I am an evolutionary ecologist primarily interested in how birds respond to different environmental or social conditions. From 2013 to 2016, I did my joint PhD on the context-dependent breeding strategy of hair-crested drongos supervised by Prof. Jan Komdeur and Prof. Zhengwang Zhang (Beijing Normal University). After that, I started a postdoc with two separate projects. In collaboration with Jan and Zhengwang, the first project investigates the trade-off between parental care and pursuing extra-pair matings for male hair-crested drongos.
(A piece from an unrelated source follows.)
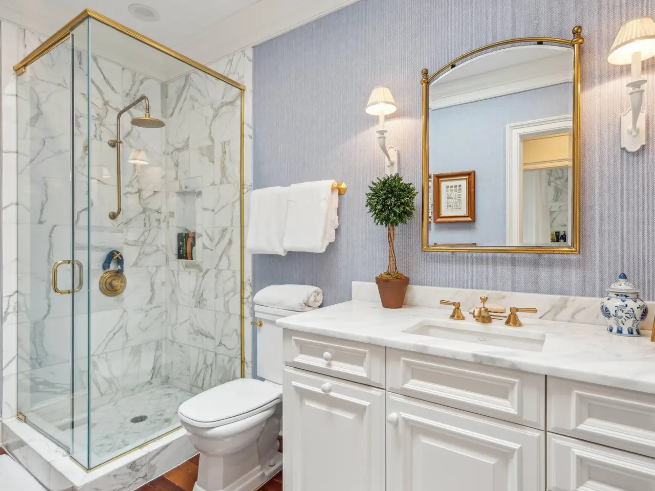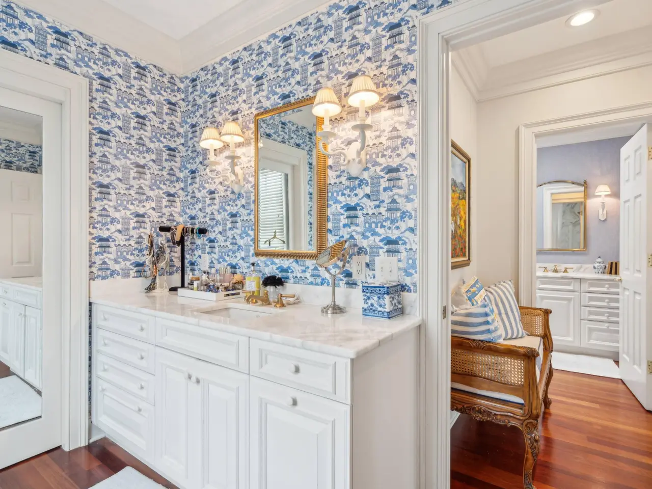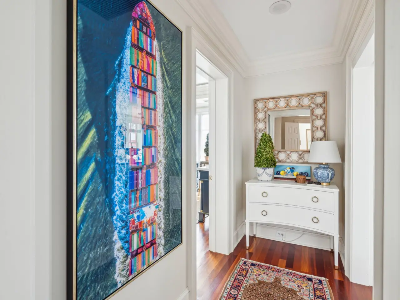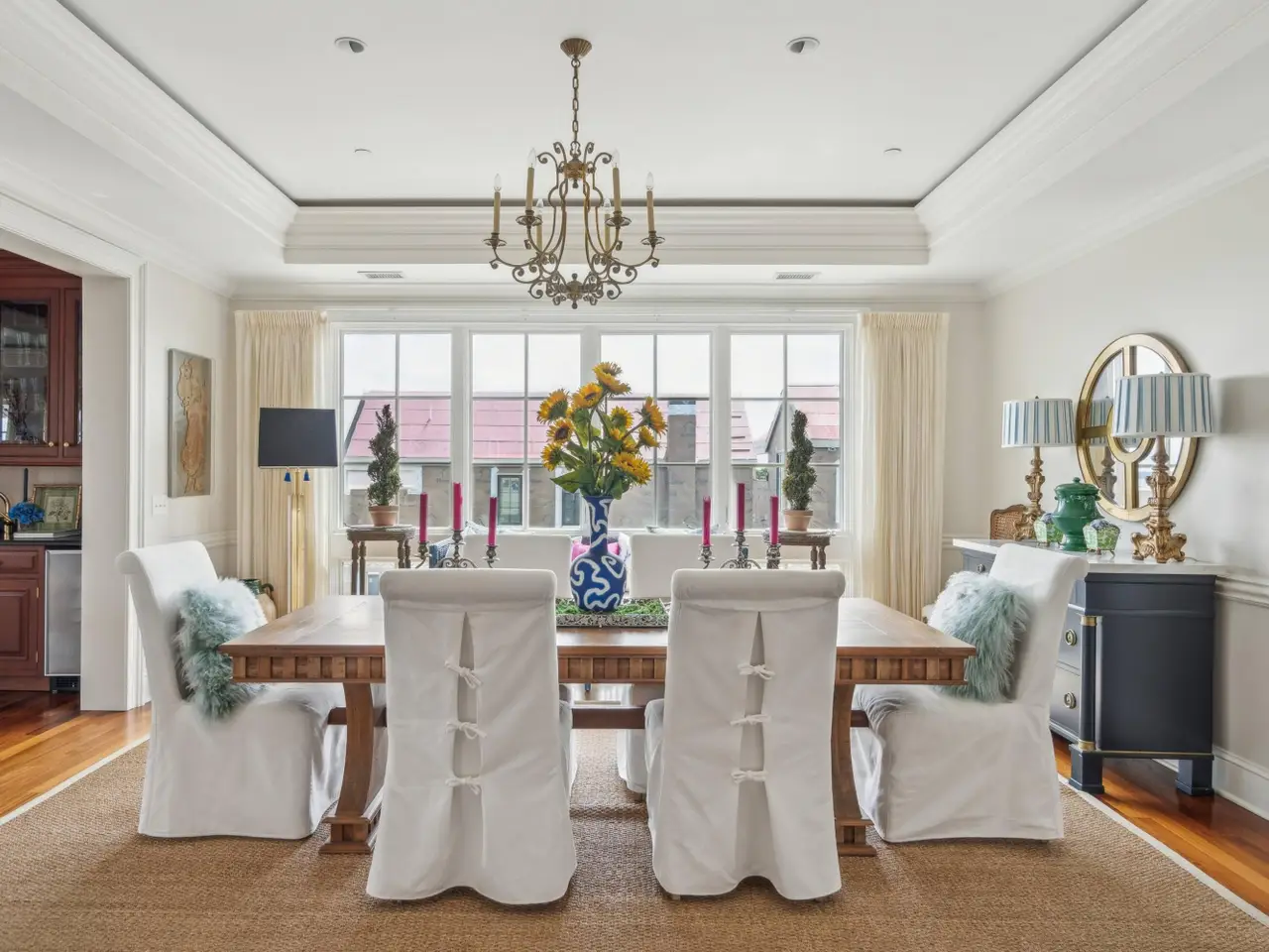 Rare, elegant penthouse-level apartment offering southern views of the Charleston Harbor from the living/dining room and terrace, with historic steeple views from the primary suite. This spacious residence offers the very best apartment floor plan in the city. Luxurious trim and mouldings throughout, this fine apartment lives like a grand home. Well-proportioned formal space with separate formal living room, and dining room divided by a mahogany paneled wet bar and storage. The side hall gallery connects the formal and informal spaces with abundant storage. The well-appointed kitchen offers a separate breakfast area with views of the harbor and beautiful sunrises. Adjacent to the kitchen is a library with mahogany built-ins and another fireplace perfect for evenings or desk working. The bedroom wing offers a comfortable guest bedroom with en suite bath. The luxurious primary suite features another fireplace with abundant light throughout. This suite is unique with two separate baths and two walk-in closets, all en suite. With its prime location, walkable to the very best restaurants and shopping, along with two garage spaces below, this luxurious residence is hands above any in the city.

We test whether a mating pattern of high-quality males who have a higher chance of gaining extra-pair matings pairing with females who could provide more parental care as compensation of reduced parental care of their partners facilitates the occurrence of this trade-off. The second project is in collaboration with Prof. Loeske Kruuk, Prof. Andrew Cockburn (Australian National University) and Dr. Yang Liu (Sun Yat-sen University) to test how climate influences the breeding phenology and mortality of superb fairy-wrens, and whether climate plays a role in the population declining process.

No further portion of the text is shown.